3.2 Characterization of Cu-MOR catalysts
In order to identify the copper species present on the Cu-MOR catalysts, we employed a comprehensive array of techniques for sample characterization, including XRF, XRD, H2-TPR, UV-Vis, XPS, and HRTEM. The elemental composition of Si, Al, and Cu in the Cu-MOR catalysts was quantified using XRF, and the results are shown in Table S2. The Si/Al ratio of the purchased commercial MOR zeolite is approximately 17, and the Si/Al ratio of the Cu-MOR samples oscillates around this value. The Cu/Al ratio of the Cu-MOR samples increases slowly with increasing number of ion exchanges. Conversely, for the samples prepared via wetness impregnation, the Cu/Al ratio significantly rises with increasing Cu loading. Correlating these findings with the catalytic performance depicted in Figure 1, a volcano-type trend emerges, highlighting an optimal Cu loading range of ca. 2-4 wt%. The effects of Cu loading on the specific surface area and pore volume of MOR zeolite was investigated using N2-physisorption, and the results are also shown in Table S2. The specific surface area and pore volume of the Cu-MOR samples exhibit a slight decrease with increasing number of ion exchange cycles, primarily attributed to the higher presence of Cu species. Conversely, for the Cu-MOR samples prepared by wetness impregnation, a substantial decrease in specific surface area and pore volume is observed with increasing Cu loading. This drop may be attributed to the presence of CuO particles on the MOR support. The adsorption and desorption curves of MOR and Cu-MOR samples are depicted in Figure S2, illustrating that the MOR support is a typical microporous material with a microporous volume of 0.18 cm3g-1. The grain size and morphology of the MOR support and Cu-MOR IE-3 catalyst were characterized by SEM, as shown in Figure S3. It is evident that the grain size of the MOR zeolite is approximately 250 nm, and both the grain size and morphology of the MOR zeolite remain unchanged after Cu loading.

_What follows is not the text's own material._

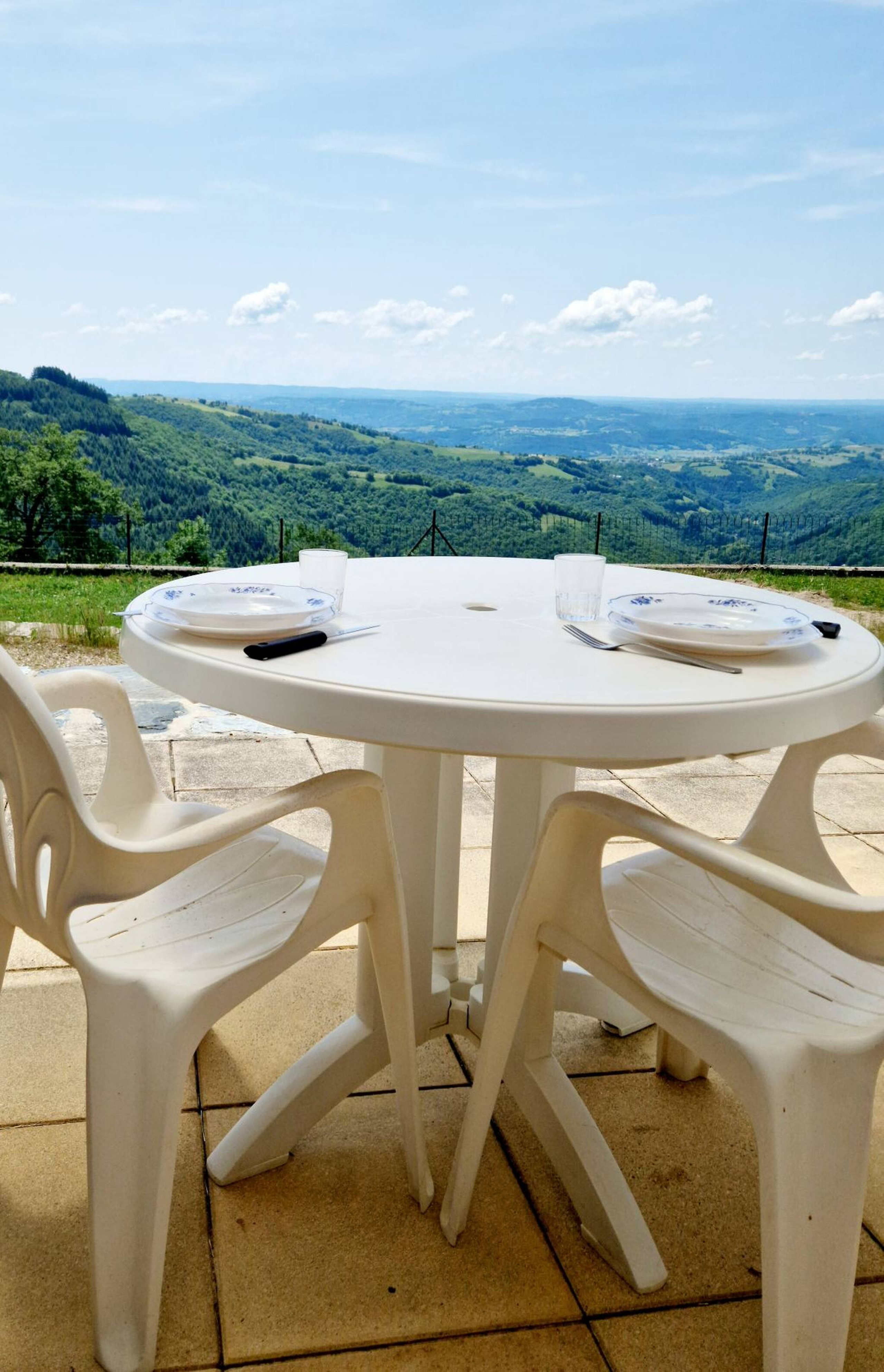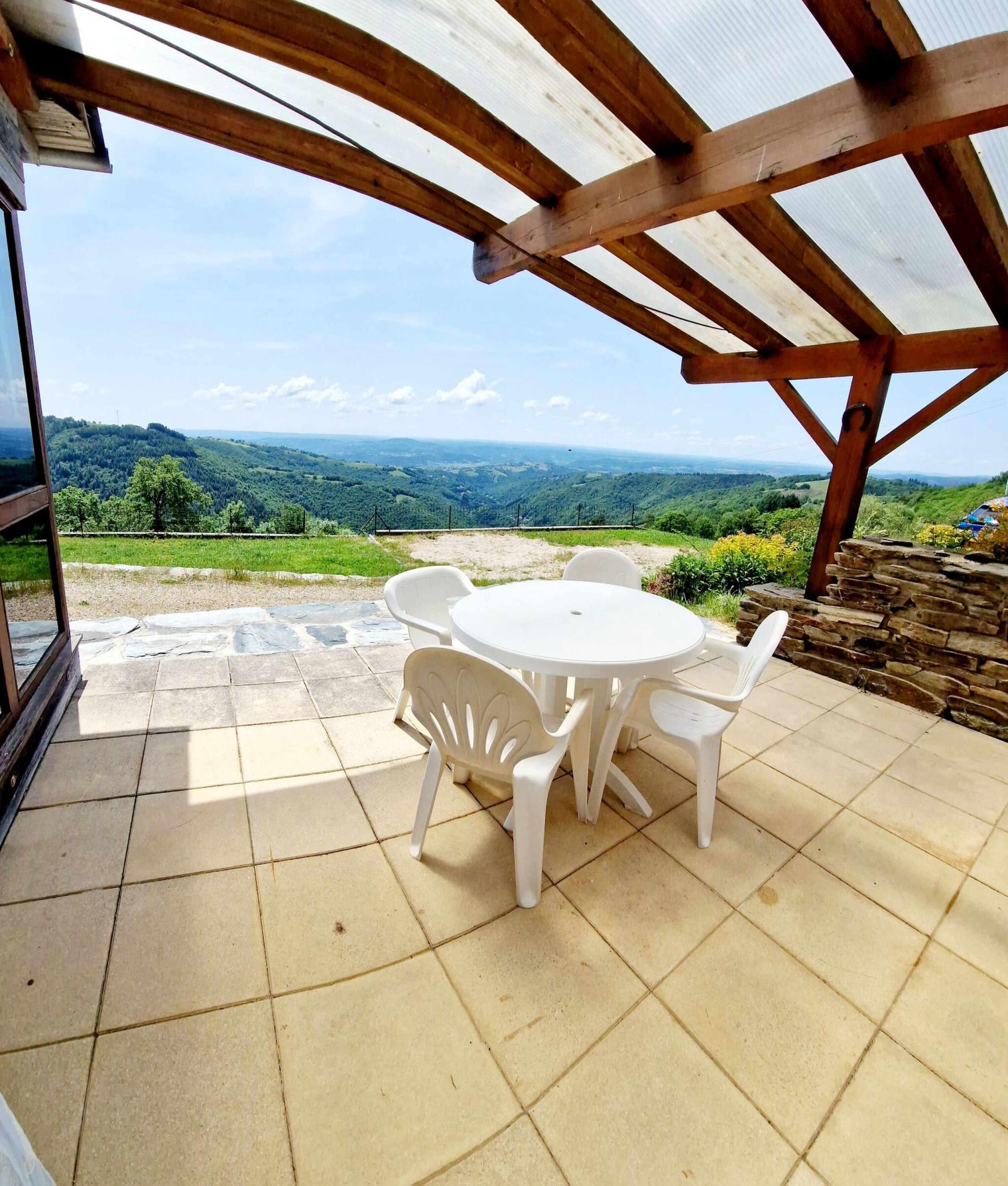 Terrasse privée avec mobilier de jardin pour se détendre face au paysage

Figures 2a and 2b present the XRD patterns of the MOR support and Cu-MOR catalysts, synthesized through ion exchange and wetness impregnation methods, respectively. All samples exhibit well-defined diffraction peaks corresponding to MOR zeolite, indicating the preservation of the MOR lattice structure during the preparation process. In Figure 2a, the XRD patterns of Cu-MOR catalysts prepared by ion exchange reveal an absence of characteristic diffraction peaks associated with CuO, Cu2O, or Cu, suggesting that copper species are highly dispersed on MOR.17 In contrast, in Figure 2b, the XRD patterns of Cu-MOR catalysts prepared by wetness impregnation display distinct diffraction peaks of CuO (111) and CuO (-111). The intensities of these peaks increase proportionally with higher Cu loadings, indicating the formation of larger CuO particles at elevated Cu loadings.